**BRIEF**. Write out every entry, unchanged. Skip any picture.

**THE DATA**.
[Start of Attachment]

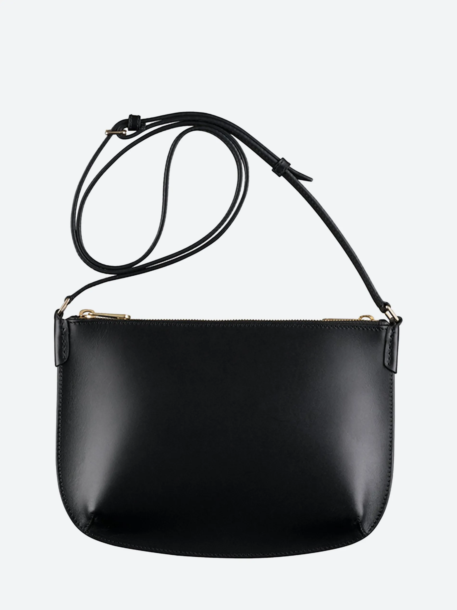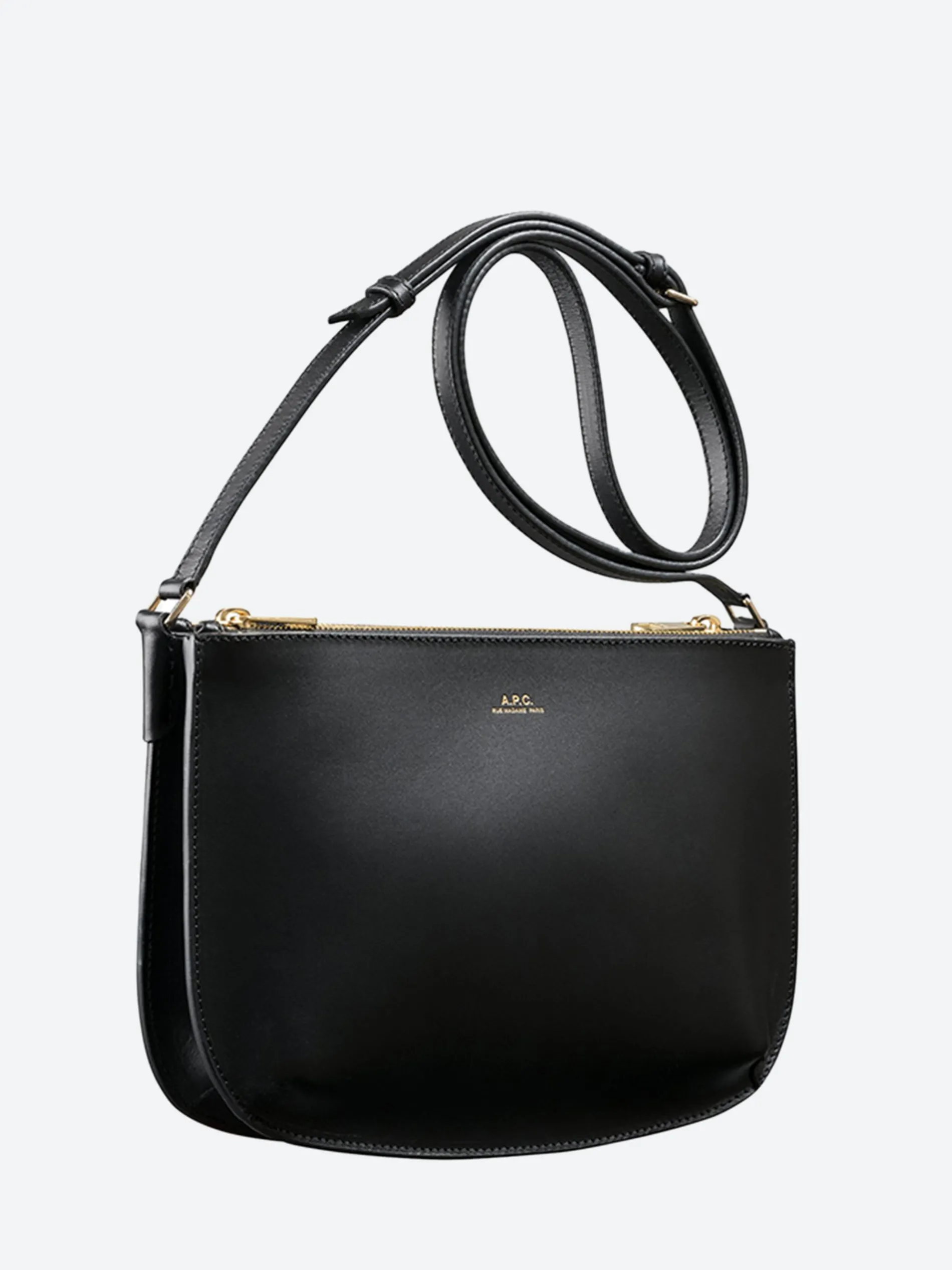 This leather bag has a shoulder strap and the gold ‘A.P.C. Rue Madame’ logo on front.
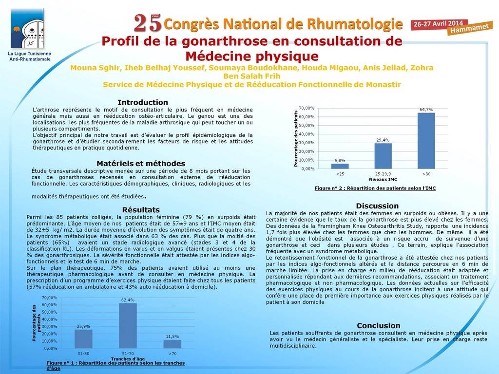 Adresse: Service de rhumatologie de l Hôpital Mongi Slim La Marsa
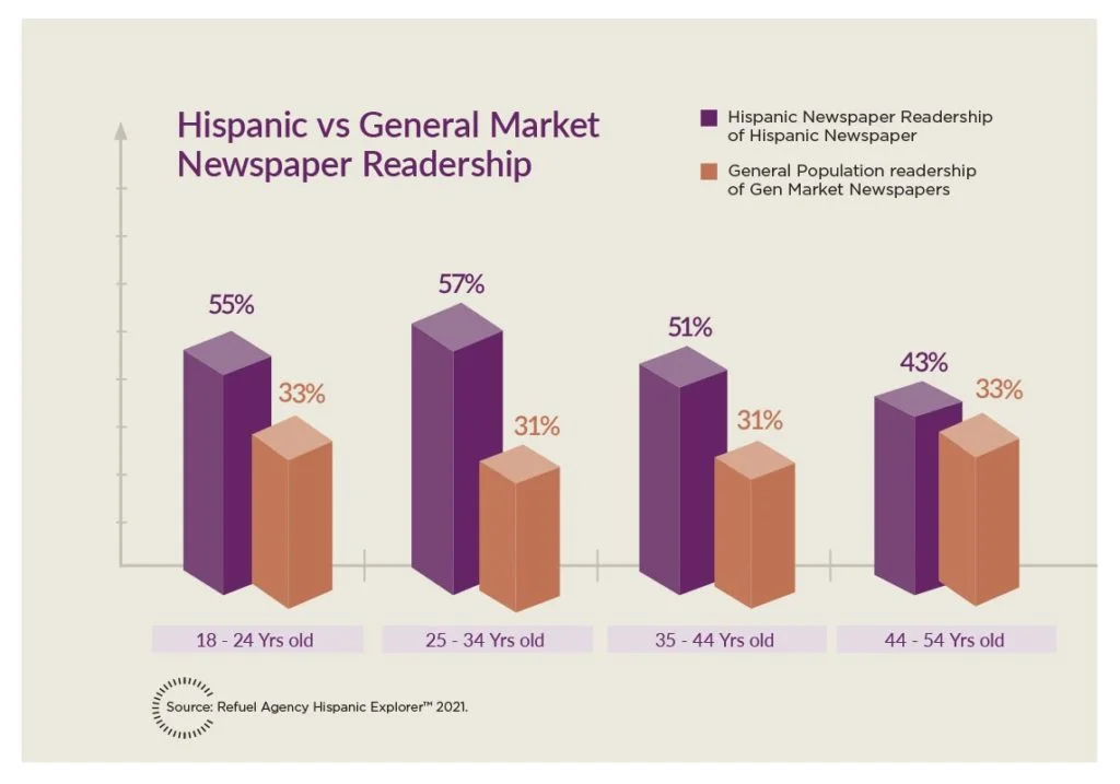 The first trend we noticed is consumer trust—and where it’s placed. In our latest research study, Refuel Agency found a significant increase in Hispanic consumer’s trust of print media since 2017. Our results show that Hispanic newspaper readership remained constant at 52% but newspaper trust has increased by 40% compared to 2017. Authenticity and traditional values are important to this audience, and that means supporting their local community and Hispanic-owned businesses. Print, because of its in-community nature, can do that exceptionally well. In contrast, trust for social media and websites went down in the past four years.
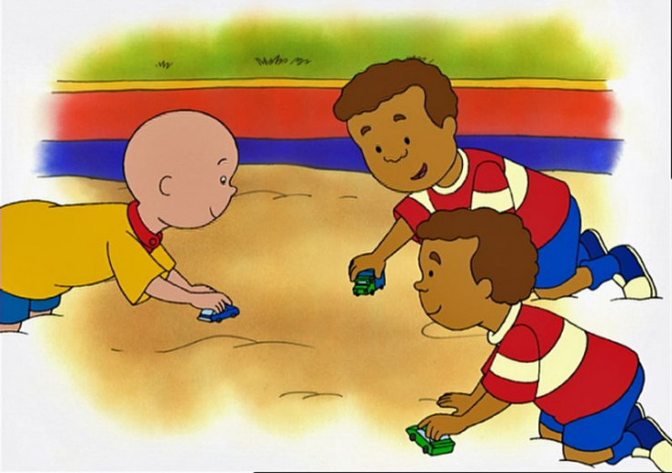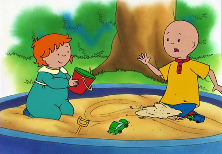 Caillou liebt es, mit seinen Freunden in der Sandkiste zu spielen.
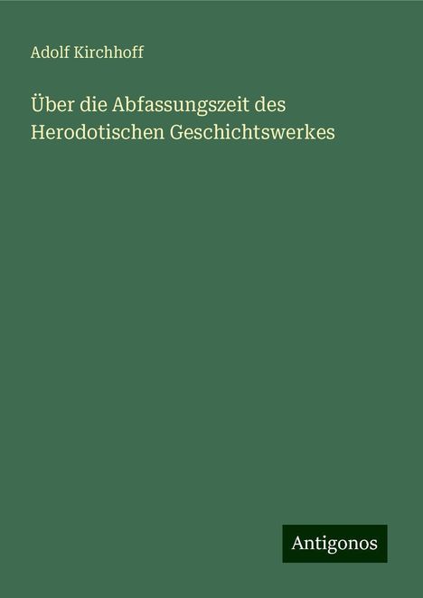 Adolf Kirchhoff: Kirchhoff, A: Über die Abfassungszeit des Herodotischen Gesc, Fester Einband
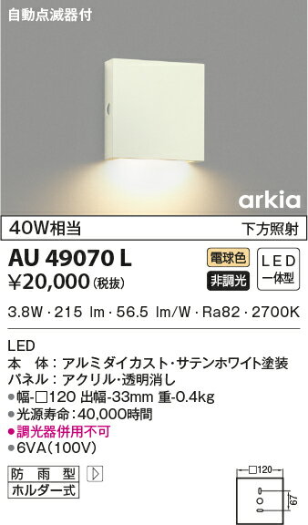 ★コイズミ AU49070L 【数量限定 お買得品】 エクステリア LED一体型 表扎灯 arkiaシリーズ 自動点滅器付 下方照射 非調光 電球色 防雨型 白熱球40W相当 照明器具 屋外用 玄関用照明

[End of Attachment]

**ANSWER TO THIS TASK**.
 This leather bag has a shoulder strap and the gold ‘A.P.C. Rue Madame’ logo on front.
 Adresse: Service de rhumatologie de l Hôpital Mongi Slim La Marsa
 The first trend we noticed is consumer trust—and where it’s placed. In our latest research study, Refuel Agency found a significant increase in Hispanic consumer’s trust of print media since 2017. Our results show that Hispanic newspaper readership remained constant at 52% but newspaper trust has increased by 40% compared to 2017. Authenticity and traditional values are important to this audience, and that means supporting their local community and Hispanic-owned businesses. Print, because of its in-community nature, can do that exceptionally well. In contrast, trust for social media and websites went down in the past four years.
 Caillou liebt es, mit seinen Freunden in der Sandkiste zu spielen.
 Adolf Kirchhoff: Kirchhoff, A: Über die Abfassungszeit des Herodotischen Gesc, Fester Einband
 ★コイズミ AU49070L 【数量限定 お買得品】 エクステリア LED一体型 表扎灯 arkiaシリーズ 自動点滅器付 下方照射 非調光 電球色 防雨型 白熱球40W相当 照明器具 屋外用 玄関用照明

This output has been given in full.